ОГНЕННАЯ ПРОПАСТЬ МЕЖДУ ДВУМЯ МЕНТАЛЬНОСТЯМИ

Различие в образе "апокалипсиса" у российских и украинских фантастов.

Сначала несколько слов о цели и методологии исследования. Автор этих строк настолько в штатском, что даже вообще не литературовед. Исследование находится скорее в русле политологии, социальной психологии и той области социальной философии, которую открыли историки школы "Анналов". В частности, они плодотворно занимались изучением ментальностей разных обществ. В качестве рабочего определения этого понятия можно обозначить ментальность как совокупность ценностных и идеологических установок, не осознаваемых самими их носителями. Это то, что носителям представляется очевидным настолько, что не требует не только доказательств, но даже формулировок, даже вербализации, то, что просто не может быть иначе. Например, приверженцу шариата не только не нужно доказывать, что женщина принципиально ниже мужчины, но и совершенно необязательно произносить это вслух. Кстати, все знаменитые философы часто ставили под сомнение какие-нибудь такие самоочевидные вещи. Иногда их за это не любили.

Итак, будет анализироваться не картина тех обществ, которые изобразили фантасты, а картина общества, в котором живут сами фантасты. Кто-то из писателей, кажется, Александр Блок, заметил, что писатели как певчие птицы - подхватывают и поют те мелодии, что слышат вокруг. Он призывал "слушать революцию" и именно так написал свои поэмы "Двенадцать" и "Скифы". В этом смысле фантасты особенно ценны, недаром у психологов есть такой специальный тест - "Нарисуй любое фантастическое существо, проявив максимум фантазии". Испытуемый всегда рисует свой собственный психологический автопортрет.

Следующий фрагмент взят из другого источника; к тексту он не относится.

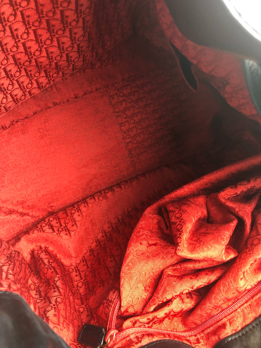 - Red, monogram fabric lined interior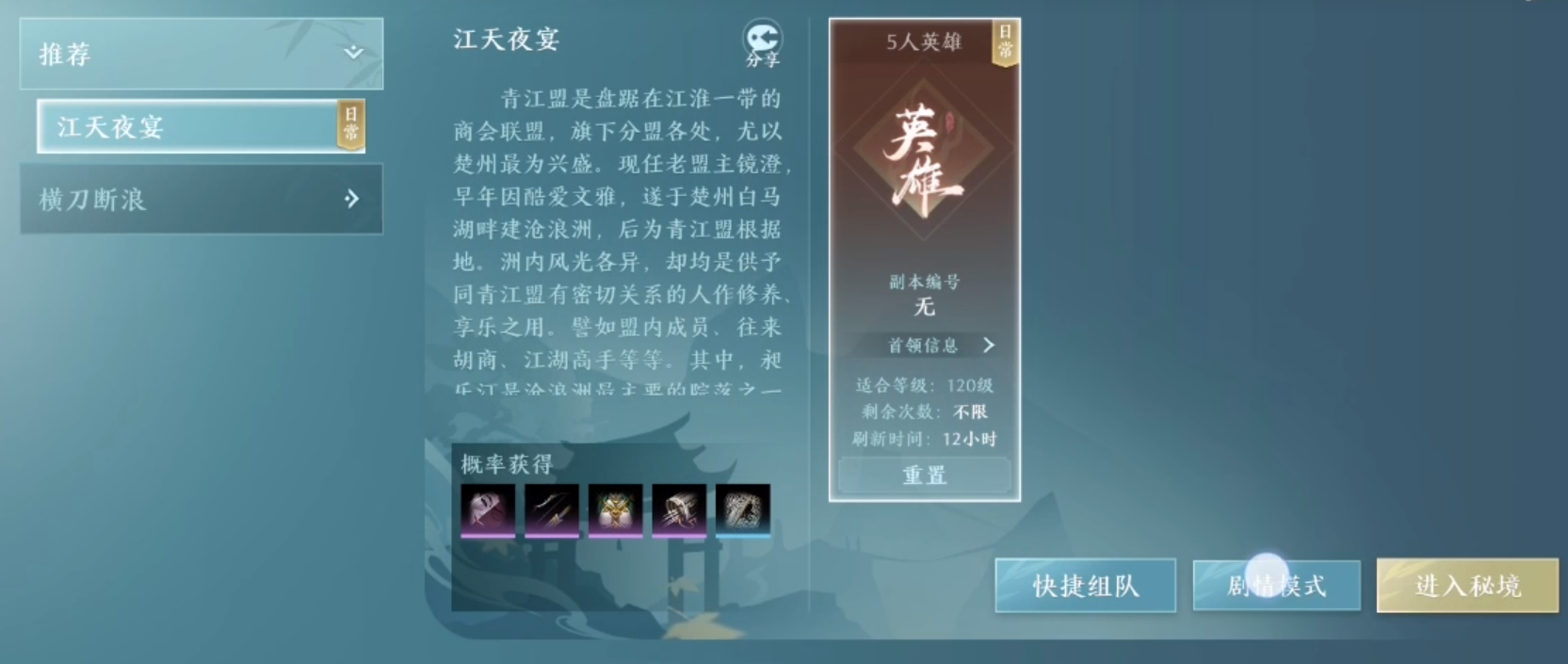 【江天夜宴】作为英雄级别的五人秘境,它和其他秘境的区别在于挑战顺序——要先打老二。老二的技能机制相对简单,玩家只要及时避开红圈就能应对。而老一的部分特定技能需要留意躲避,但红圈出现时可以不用躲;血量偏低的玩家可以开启减伤技能,或者由奶妈及时抬血。需要注意的是,老一的三个矩形伤害区域会叠加伤害,务必躲开,不过要是奶妈奶量足够的话也可以不用躲。至于老三,玩家只需及时打断它的技能读条即可;当boss靠近时,还能冲刺到旁边的npc位置来规避伤害。

При этом автор пребывает в уверенности, что ценность изображенных картин будущего как социальных прогнозов строго равна нулю. Иначе говоря, если прогнозы технологических достижений будущего часто бывают удачны, то прогнозы социального развития - никогда. Автор готов тут же отказаться от своих слов, если ему приведут пример хотя бы одного сбывшегося социального прогноза писателя-фантаста. В жизни все происходит не только принципиально не так, как в романах, но и всегда принципиально фантастичнее.

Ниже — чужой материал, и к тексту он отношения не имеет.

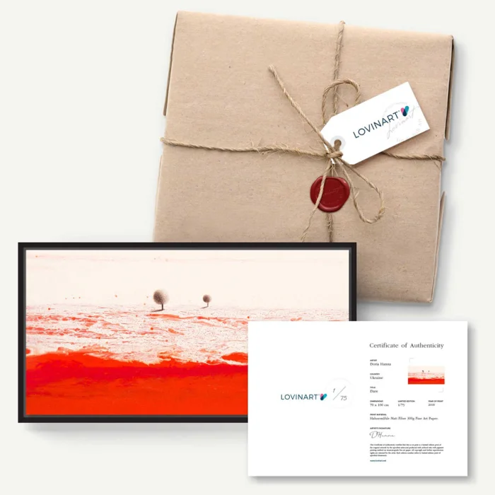 Limitli edisyonlu bir sanat eseri, sanatçı imzası ve hangi adetli edisyonun kaçıncı kopyası olduğu üzerinde belirtilen 'Orijinallik Sertifikası' ile birlikte sanat alıcısına gönderilir. Ayrıca, hangi teknikle ve kalitede üretildiği, kullanılan fine art kağıdı dahil tüm baskı özellikleri sertifika üzerinde yer alır.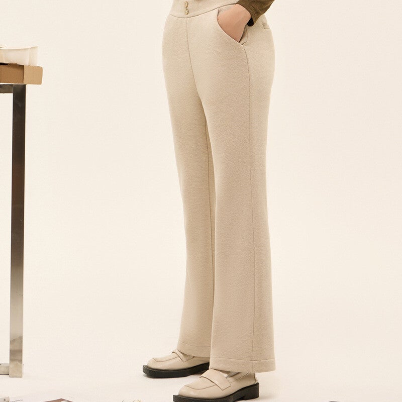 Bootcut-Hose aus Wolle für Damen im Herbst und Winter, weiche und wachsartige Hose mit weitem Bein, Freizeithose
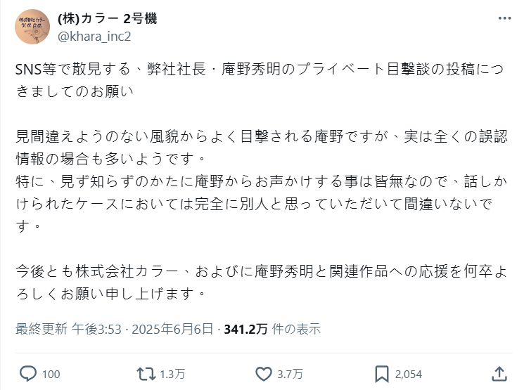 不過有趣的是,庵野所屬的動畫製作公司 khara 也跳出來發布聲明,表示雖然庵野導演外貌確實容易辨識,但社群上有許多「看錯人的誤報」,並強調庵野本人「幾乎不會主動搭話」,提醒粉絲「如果有人主動過來問路,那大概就不是他。」

В этом смысле образы различных апокалипсисов, то бишь "концов света", в постсоветской фантастике есть прежде всего отражение в сознании конца социализма и распада СССР. Всякое искусство есть прежде всего передача эмоций. Главный тезис автора: при описании эмоций конца привычного нам советского мира и начала мира нового российские и украинские авторы обнаруживают разную и даже диаметрально противоположную ментальность ментальность.

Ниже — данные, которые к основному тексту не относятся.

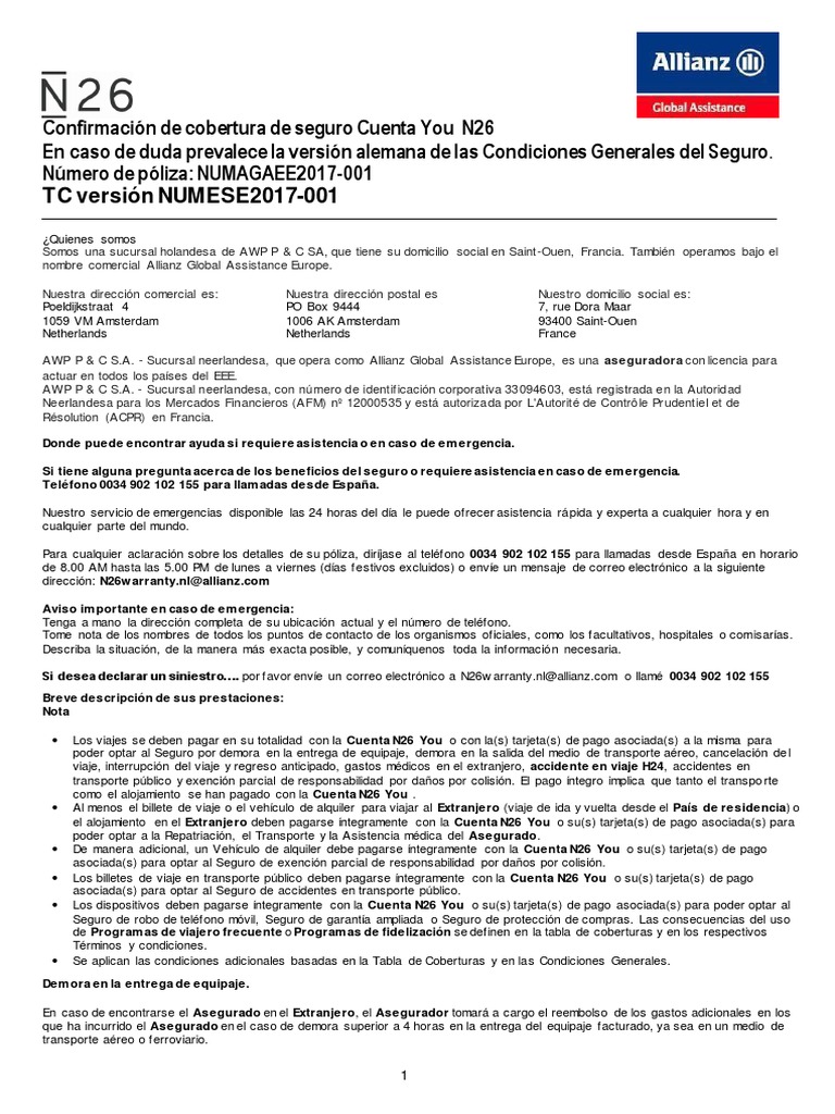 Seguro N26 Allianz 2019 Poliza De Seguros Seguro Allianz Telefono Seguro Coche W Coche

Это различие идет именно по реальному месту проживания, а не по графе в паспорте (на Украине ее вообще отменили). Так, опираясь на личные впечатления, я определил бы национальное самосознание обоих Олдей как "харьковский пофигизм". В то же время ментальность у них однозначно украинская. Вообще, российская и русскоязычная литература - совсем не одно и то же, так же как английская и англоязычная.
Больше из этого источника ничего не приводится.